▸ **ASSIGNMENT**
Copy the listing below in full and skip every picture.

▸ **INFORMATION PROVIDED**
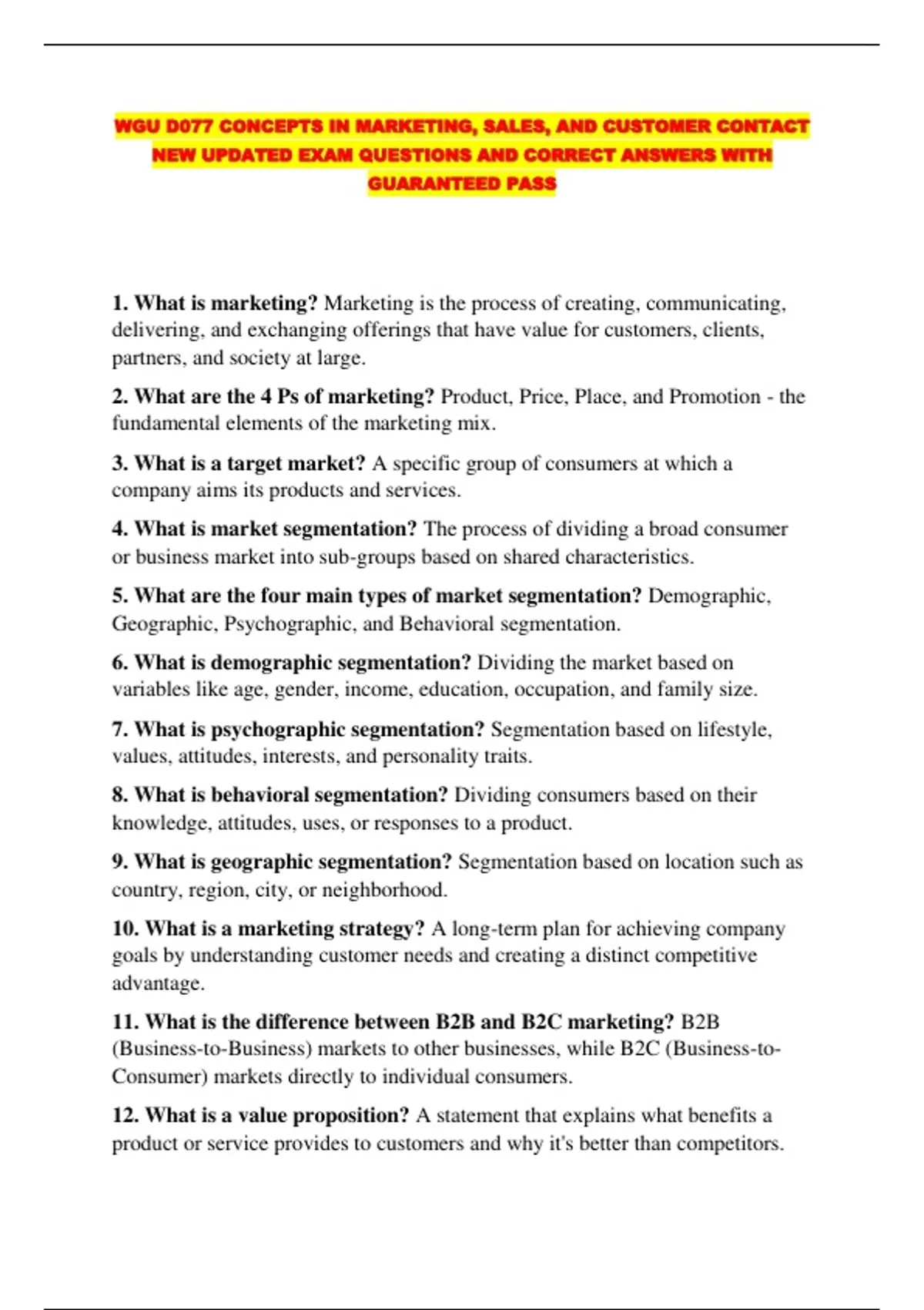 WGU D077 CONCEPTS IN MARKETING, SALES, AND CUSTOMER CONTACT
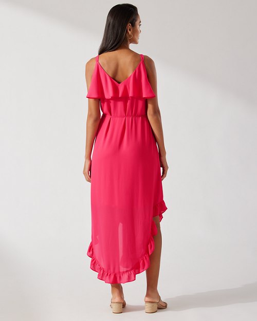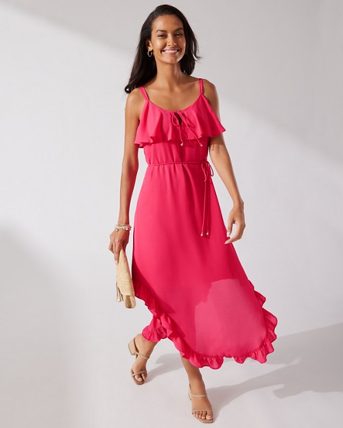 The drama is in the details with this ultra-feminine dress. You'll be tempted to twirl under the stars to really give these drapey ruffles their due. We say go for it— this dress deserves the spotlight, and so do you!
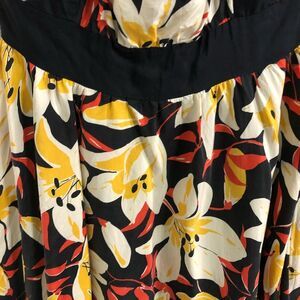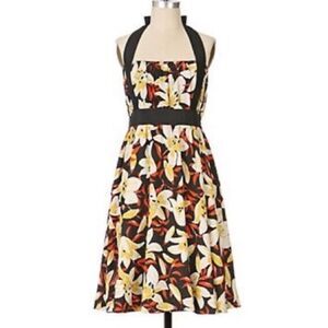 Gorgeous dress for Anthropologie by Moulinette Soeurs. Yellow floral design. Black halter straps. Pinup style. Great for special occasions or date night. EUC. Fully lined. 100% silk. Perfect fall dress. Lightweight.
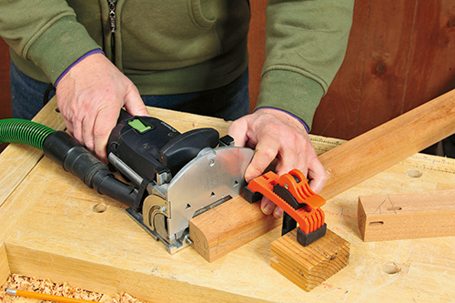 Since I’m lucky enough to own one of Festool’s DF 500 joinery machines, I used Domino loose tenons to join the legs to the side, drawer and back rails. The location of the pieces is shown on the Drawing. Notice that the mortises in the back rails are offset relative to those on the side rails, so they don’t run into each other on the legs. Once I’d marked the centerline of each mortise on the stock, I plunge-cut them in the ends of all the rails. I clamped each rail to my benchtop with its curved edge facing up. A square scrap of plywood clamped next to the rail helps keep the Domino machine square to the ends of the narrow rails. Next, I cut all the corresponding mortises into the inside facing surfaces of the legs, always making sure to keep the leg and Domino machine flat on the benchtop. Note that the two front rails don’t get mortised; these get doweled later on.

▸ **PROBLEM SOLUTION**
 WGU D077 CONCEPTS IN MARKETING, SALES, AND CUSTOMER CONTACT
 The drama is in the details with this ultra-feminine dress. You'll be tempted to twirl under the stars to really give these drapey ruffles their due. We say go for it— this dress deserves the spotlight, and so do you!
 Gorgeous dress for Anthropologie by Moulinette Soeurs. Yellow floral design. Black halter straps. Pinup style. Great for special occasions or date night. EUC. Fully lined. 100% silk. Perfect fall dress. Lightweight.
 Since I’m lucky enough to own one of Festool’s DF 500 joinery machines, I used Domino loose tenons to join the legs to the side, drawer and back rails. The location of the pieces is shown on the Drawing. Notice that the mortises in the back rails are offset relative to those on the side rails, so they don’t run into each other on the legs. Once I’d marked the centerline of each mortise on the stock, I plunge-cut them in the ends of all the rails. I clamped each rail to my benchtop with its curved edge facing up. A square scrap of plywood clamped next to the rail helps keep the Domino machine square to the ends of the narrow rails. Next, I cut all the corresponding mortises into the inside facing surfaces of the legs, always making sure to keep the leg and Domino machine flat on the benchtop. Note that the two front rails don’t get mortised; these get doweled later on.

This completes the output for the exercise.